What the task requires: Every line from the one holding "Það gæti verið" through the one holding "Закройте окна, двери, чердачные помещения" in the data below must be returned exactly, both ends included, with pictures left out and nothing else added.

Record set:
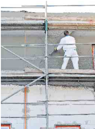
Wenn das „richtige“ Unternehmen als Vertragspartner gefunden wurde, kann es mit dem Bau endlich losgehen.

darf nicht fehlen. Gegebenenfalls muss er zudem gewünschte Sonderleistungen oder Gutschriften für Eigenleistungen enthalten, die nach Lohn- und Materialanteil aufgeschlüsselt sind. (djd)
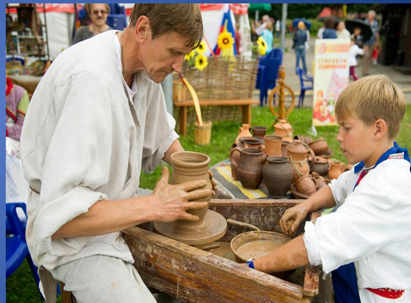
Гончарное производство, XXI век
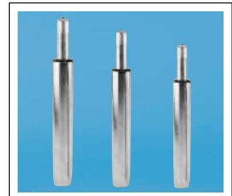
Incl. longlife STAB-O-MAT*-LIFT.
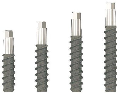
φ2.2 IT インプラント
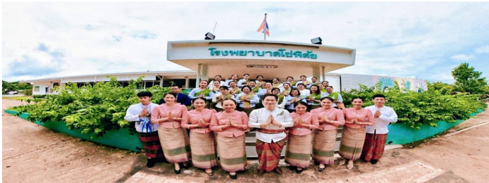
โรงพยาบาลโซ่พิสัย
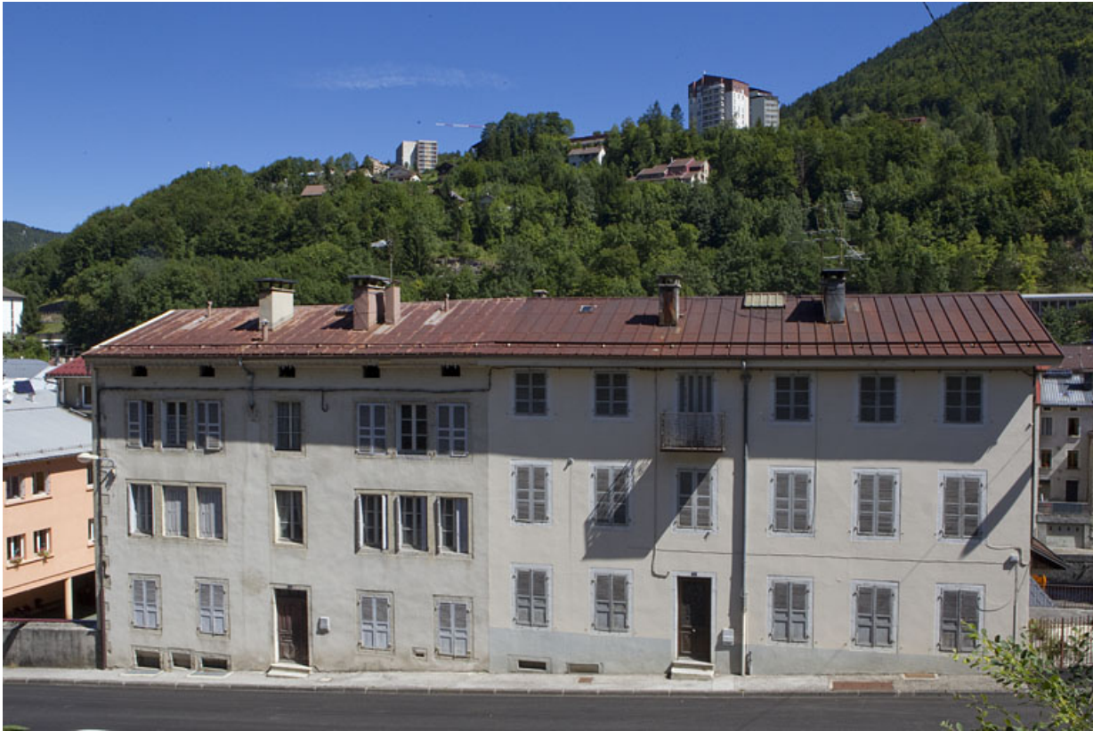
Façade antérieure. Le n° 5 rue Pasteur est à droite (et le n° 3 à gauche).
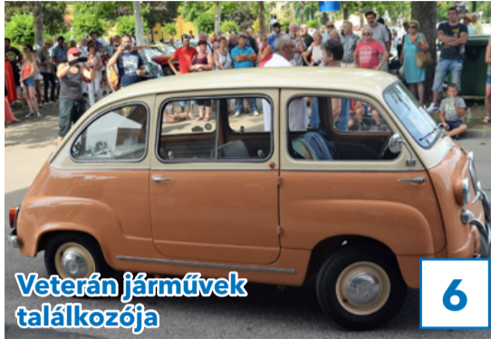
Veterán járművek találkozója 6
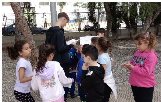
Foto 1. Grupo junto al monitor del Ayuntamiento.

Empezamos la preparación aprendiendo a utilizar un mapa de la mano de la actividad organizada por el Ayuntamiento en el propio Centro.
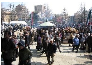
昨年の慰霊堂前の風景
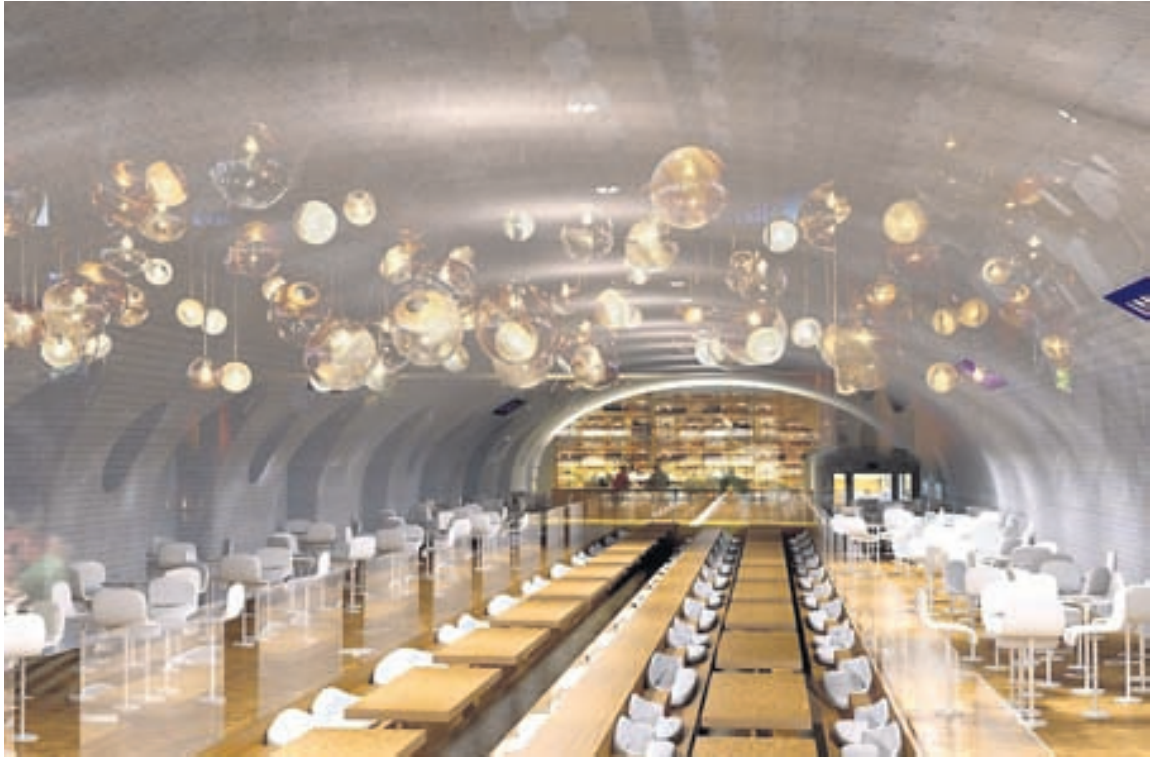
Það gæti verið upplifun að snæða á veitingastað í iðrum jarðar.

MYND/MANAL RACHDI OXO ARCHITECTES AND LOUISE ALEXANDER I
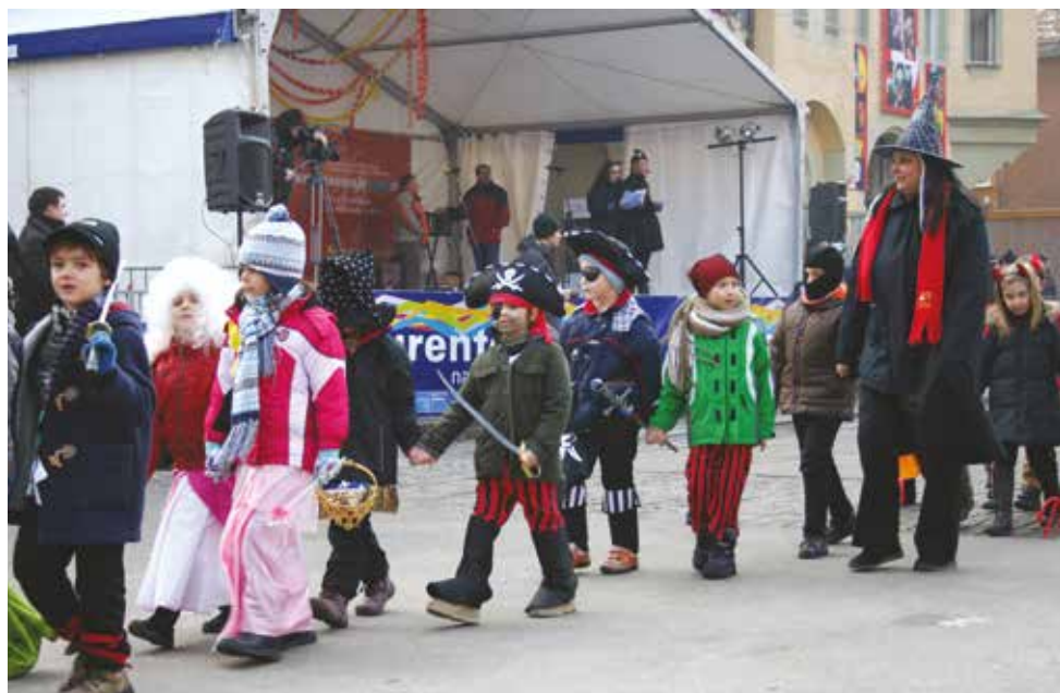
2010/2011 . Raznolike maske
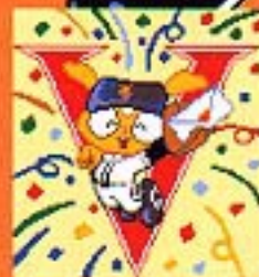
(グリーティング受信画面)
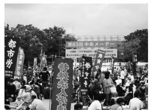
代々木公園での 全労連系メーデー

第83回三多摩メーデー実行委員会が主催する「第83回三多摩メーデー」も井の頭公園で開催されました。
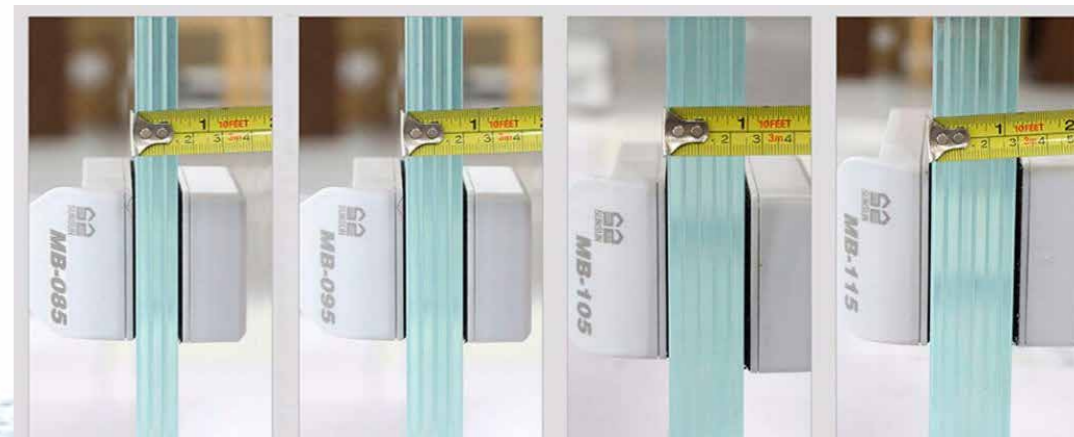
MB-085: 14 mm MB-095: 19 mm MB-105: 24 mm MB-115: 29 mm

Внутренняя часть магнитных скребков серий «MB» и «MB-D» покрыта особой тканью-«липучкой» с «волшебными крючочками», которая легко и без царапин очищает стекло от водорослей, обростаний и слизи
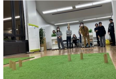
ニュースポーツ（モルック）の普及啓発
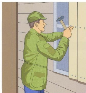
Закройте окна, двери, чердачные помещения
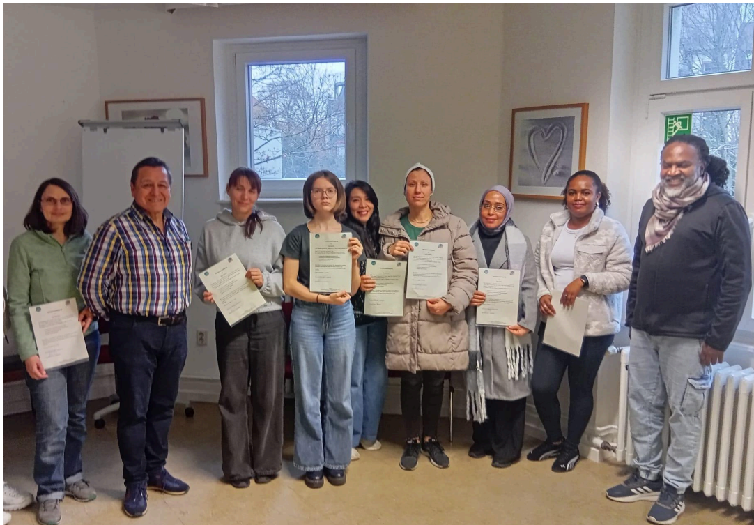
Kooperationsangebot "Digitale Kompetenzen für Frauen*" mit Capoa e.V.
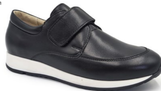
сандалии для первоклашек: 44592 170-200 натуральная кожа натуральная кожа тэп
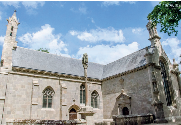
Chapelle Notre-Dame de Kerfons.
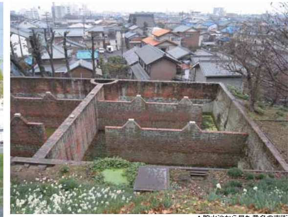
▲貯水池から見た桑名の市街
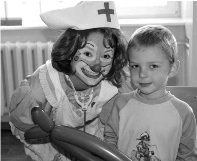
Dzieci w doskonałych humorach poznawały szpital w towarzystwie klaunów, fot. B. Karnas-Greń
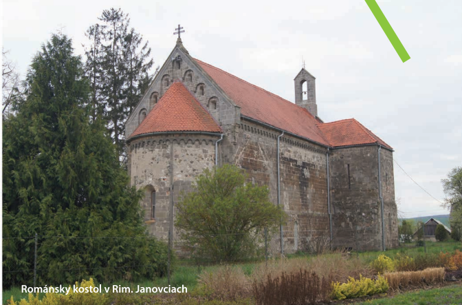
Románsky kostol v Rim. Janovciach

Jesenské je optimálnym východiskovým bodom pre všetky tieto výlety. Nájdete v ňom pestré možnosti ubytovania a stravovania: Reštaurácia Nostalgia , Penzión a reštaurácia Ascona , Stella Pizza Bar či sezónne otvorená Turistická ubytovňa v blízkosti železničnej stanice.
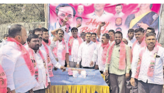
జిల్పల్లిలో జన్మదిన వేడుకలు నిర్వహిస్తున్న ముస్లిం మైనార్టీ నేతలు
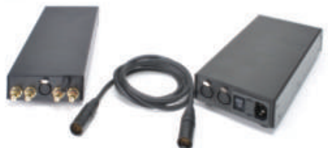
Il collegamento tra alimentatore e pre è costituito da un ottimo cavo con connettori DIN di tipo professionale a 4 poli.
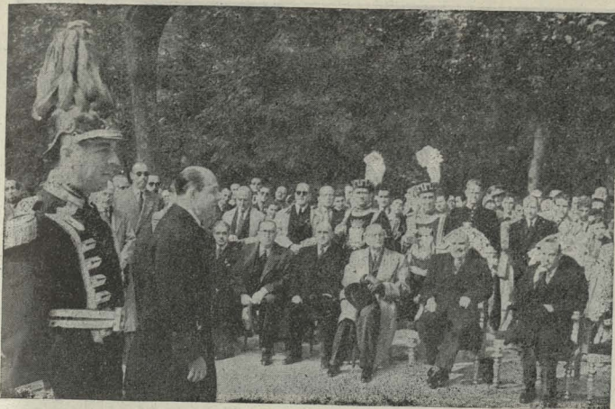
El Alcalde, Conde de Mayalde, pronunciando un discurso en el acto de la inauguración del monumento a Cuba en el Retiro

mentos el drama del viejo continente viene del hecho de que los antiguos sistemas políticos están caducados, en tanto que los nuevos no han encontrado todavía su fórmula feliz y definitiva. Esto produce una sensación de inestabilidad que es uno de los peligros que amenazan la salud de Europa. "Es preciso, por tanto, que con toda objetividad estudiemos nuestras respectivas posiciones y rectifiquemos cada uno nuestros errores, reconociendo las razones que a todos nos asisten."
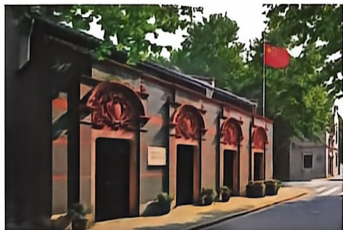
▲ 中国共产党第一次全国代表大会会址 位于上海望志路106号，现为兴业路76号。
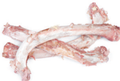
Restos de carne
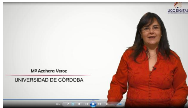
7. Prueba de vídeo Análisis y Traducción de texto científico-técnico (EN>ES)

Answer box:
Það gæti verið upplifun að snæða á veitingastað í iðrum jarðar.

MYND/MANAL RACHDI OXO ARCHITECTES AND LOUISE ALEXANDER I
2010/2011 . Raznolike maske
(グリーティング受信画面)
代々木公園での 全労連系メーデー

第83回三多摩メーデー実行委員会が主催する「第83回三多摩メーデー」も井の頭公園で開催されました。
MB-085: 14 mm MB-095: 19 mm MB-105: 24 mm MB-115: 29 mm

Внутренняя часть магнитных скребков серий «MB» и «MB-D» покрыта особой тканью-«липучкой» с «волшебными крючочками», которая легко и без царапин очищает стекло от водорослей, обростаний и слизи
ニュースポーツ（モルック）の普及啓発
Закройте окна, двери, чердачные помещения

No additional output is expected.